WHAT NEEDS TO BE DONE: Keep the wording of each record exactly the same when you repeat it, and leave out pictures.

[Data records]
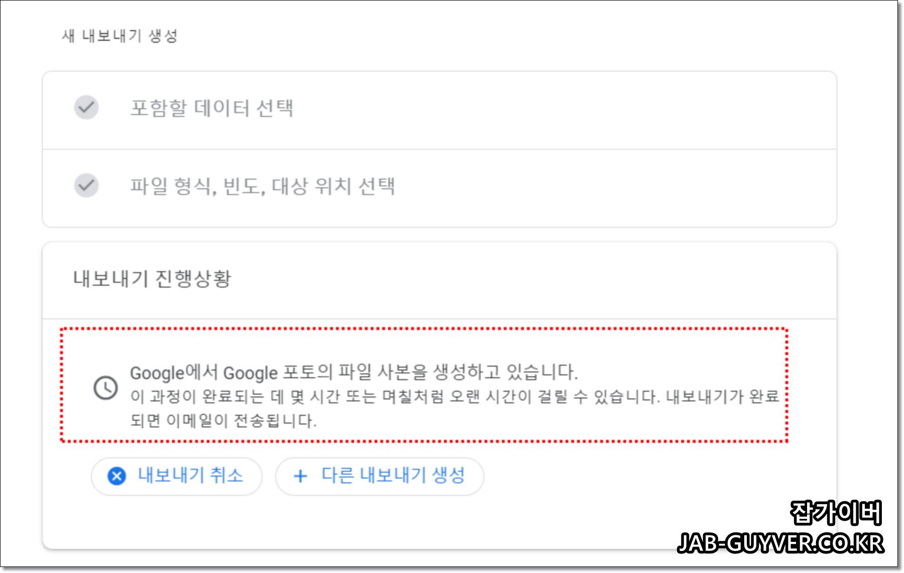 내보내기 사본을 생성 시 용량에 따라 몇시간에서 몇일이 걸릴 수 있습니다.
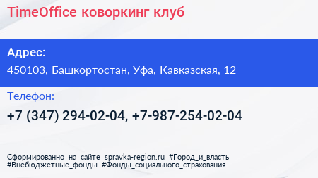 TimeOffice, коворкинг-клуб по адресу 450103, Башкортостан, Уфа, Кавказская, 12 в дальнейшем Организация, размещена в следующих категориях:
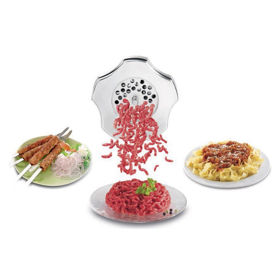 У комплект входять 3 різні решітки для м'яса (для дрібного, середнього та крупного помелу), 4 барабани для терки/шинкування, барабан для нарізки кубиків, насадки для кебе та ковбас.
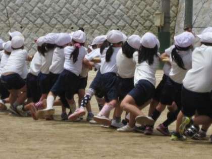 待ちに待った運動会。すでに午前中の競技が終わりましたが,競技・演技・各係が奮闘しています。
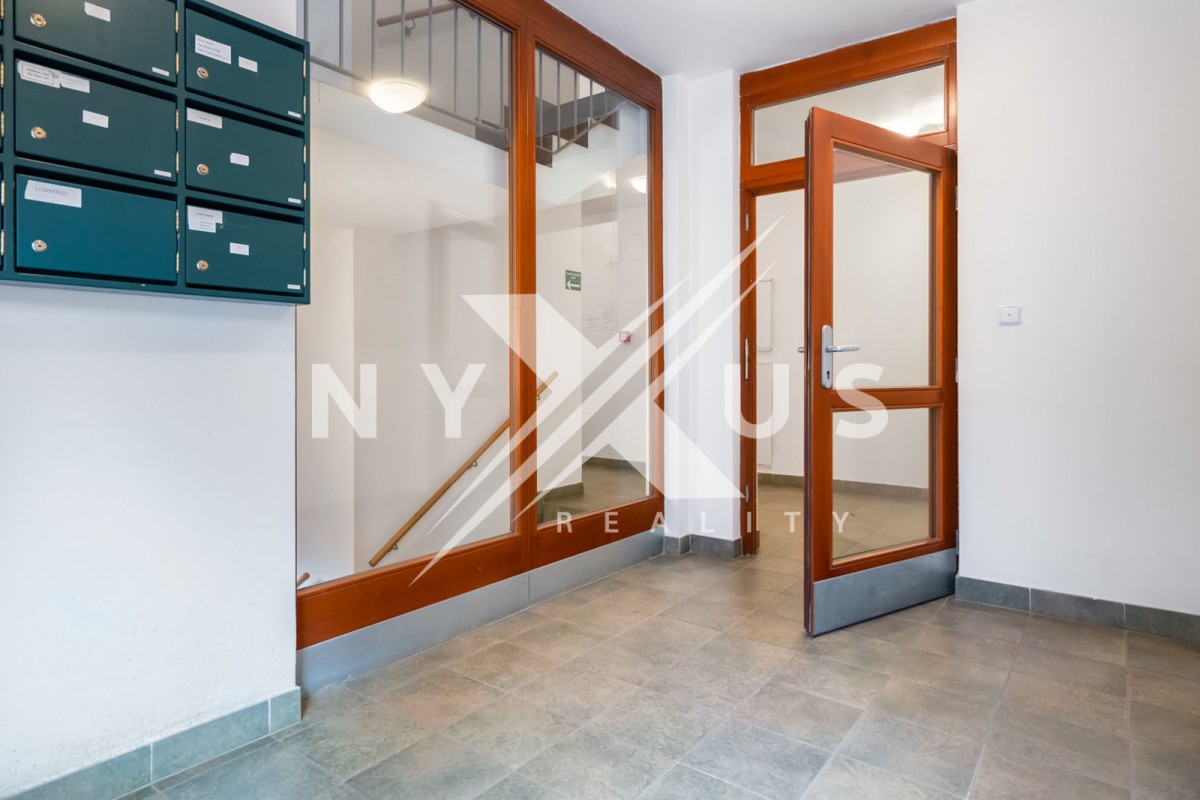 K bytu náleží dvě garážová stání a dva sklepy přímo v domě - přístupné po schodech nebo výtahem.

SOLUTION TO THE EXERCISE:
 내보내기 사본을 생성 시 용량에 따라 몇시간에서 몇일이 걸릴 수 있습니다.
 TimeOffice, коворкинг-клуб по адресу 450103, Башкортостан, Уфа, Кавказская, 12 в дальнейшем Организация, размещена в следующих категориях:
 У комплект входять 3 різні решітки для м'яса (для дрібного, середнього та крупного помелу), 4 барабани для терки/шинкування, барабан для нарізки кубиків, насадки для кебе та ковбас.
 待ちに待った運動会。すでに午前中の競技が終わりましたが,競技・演技・各係が奮闘しています。
 K bytu náleží dvě garážová stání a dva sklepy přímo v domě - přístupné po schodech nebo výtahem.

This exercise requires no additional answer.